──────── MATERIAL SUPPLIED
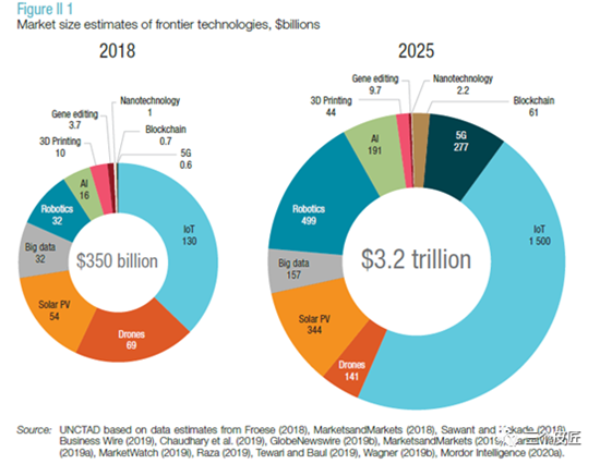 据估计,前沿技术已经代表了3500亿美元的市场,到2025年,这个市场的规模可能会超过3.2万亿美元。从这个角度来看,目前全球笔记本电脑市场的规模为1020亿美元,智能手机市场的规模为5220亿美元。
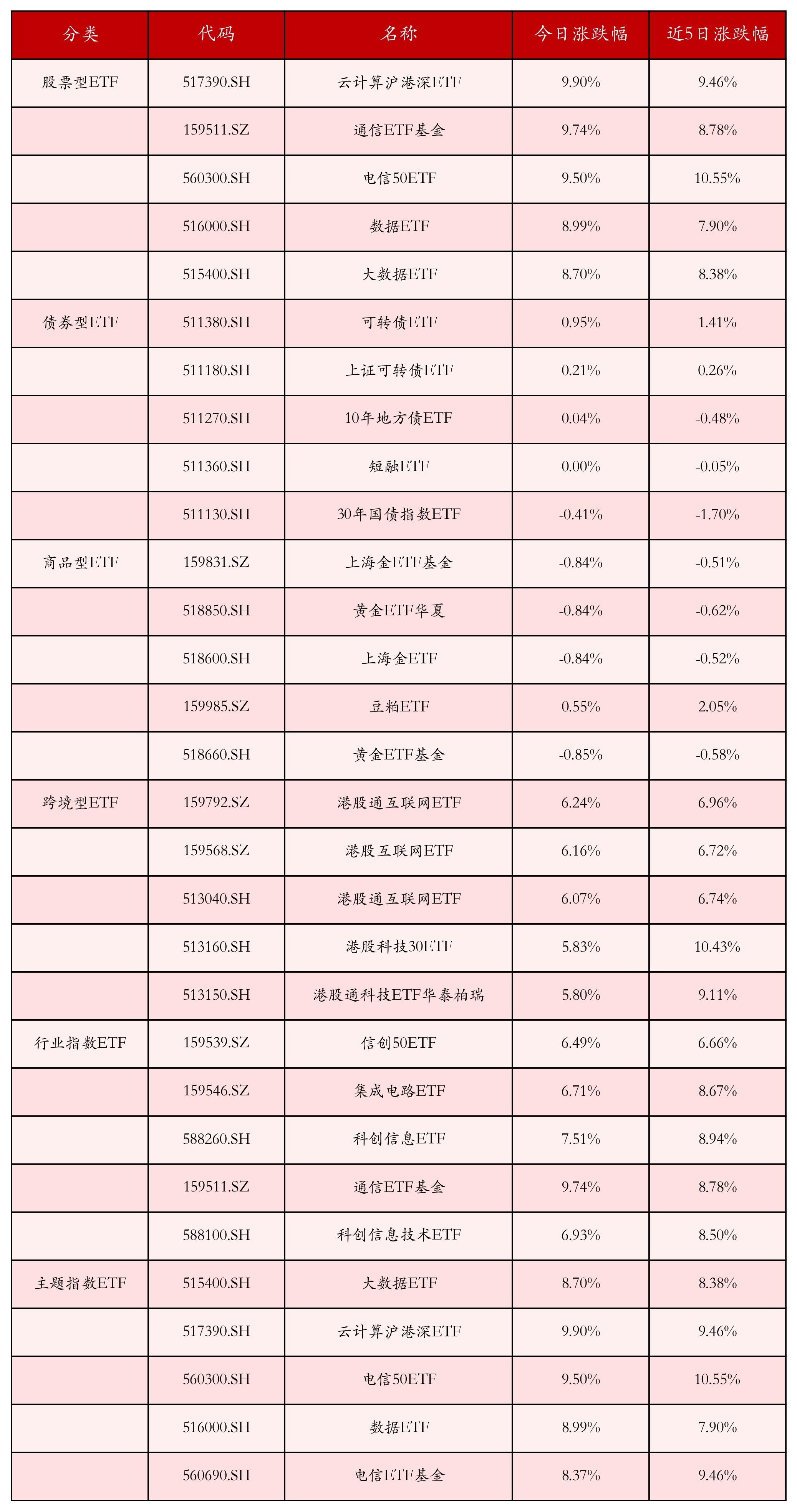 从不同投资种类、行业、主题的ETF产品中找出今日走势行情排名前5的ETF基金,今日涨幅靠前的ETF产品如下表所示。股票型ETF中涨跌幅排名前3位的ETF产品分别为云计算沪港深ETF(517390.SH)、通信ETF基金(159511.SZ)和电信50ETF(560300.SH),今日收益率分别为9.90%、9.74%和9.50%。
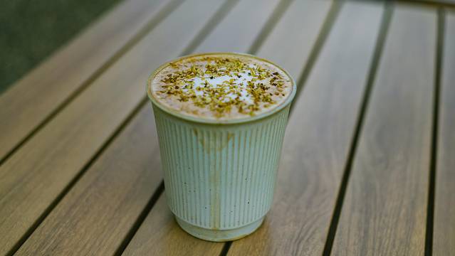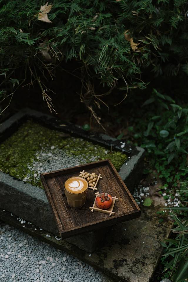 深秋的风开始舒适起来,我们按着线路指示坐公车来到运河边的四合院茶馆,点了一份一人套餐,名字都晓有趣味——花生好柿。我本来是不喜欢吃柿子的,这里的柿子倒是给了我一份秋天的superstar,一颗熟透的柿子,搅拌着吃,柿子香味蔓延开来,软糯香甜的口感在口腔中延伸。咖啡特意用了深烘黑巧拼配,用柿子原生的香甜包裹了咖啡的焦糖香,好似我一口喝尽了秋天的滋味。
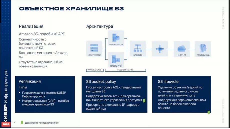Object storage is optimized for storing billions of objects, data, and applications, you can store various static web content, online storage service data, big data, backups, etc. The key difference compared to other types of storage that are used in cyberinfrastructure is that parts of an object cannot be changed. That is, when an object is changed, a new version of it is created. Cyberinfrastructure can store replicas of S3 cluster data and keep them up to date in multiple geographically distributed data processing centers. That is, there is the possibility of geo-replication from one storage to another. Thus, they can be used for data disaster recovery.
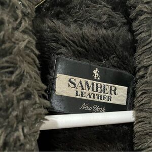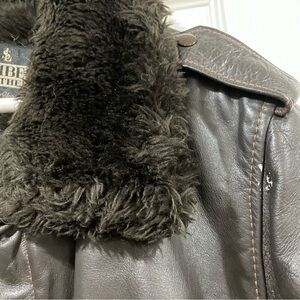 Elevate your style with the Men's Brown Leather Bomber Jacket. Fits like a medium. In excellent shape with a small blemish shown in photo. Crafted for comfort and durability, this jacket features a rich brown color and a plush collar for added warmth. Perfect for any occasion.
────────────────
WORK ORDER:
Each line, from the beginning of the listing to the line bearing "深秋的风开始舒适起来,我们按" inclusive, should be copied exactly; the pictures stay out.

ANSWER SPACE:
 据估计,前沿技术已经代表了3500亿美元的市场,到2025年,这个市场的规模可能会超过3.2万亿美元。从这个角度来看,目前全球笔记本电脑市场的规模为1020亿美元,智能手机市场的规模为5220亿美元。
 从不同投资种类、行业、主题的ETF产品中找出今日走势行情排名前5的ETF基金,今日涨幅靠前的ETF产品如下表所示。股票型ETF中涨跌幅排名前3位的ETF产品分别为云计算沪港深ETF(517390.SH)、通信ETF基金(159511.SZ)和电信50ETF(560300.SH),今日收益率分别为9.90%、9.74%和9.50%。
 深秋的风开始舒适起来,我们按着线路指示坐公车来到运河边的四合院茶馆,点了一份一人套餐,名字都晓有趣味——花生好柿。我本来是不喜欢吃柿子的,这里的柿子倒是给了我一份秋天的superstar,一颗熟透的柿子,搅拌着吃,柿子香味蔓延开来,软糯香甜的口感在口腔中延伸。咖啡特意用了深烘黑巧拼配,用柿子原生的香甜包裹了咖啡的焦糖香,好似我一口喝尽了秋天的滋味。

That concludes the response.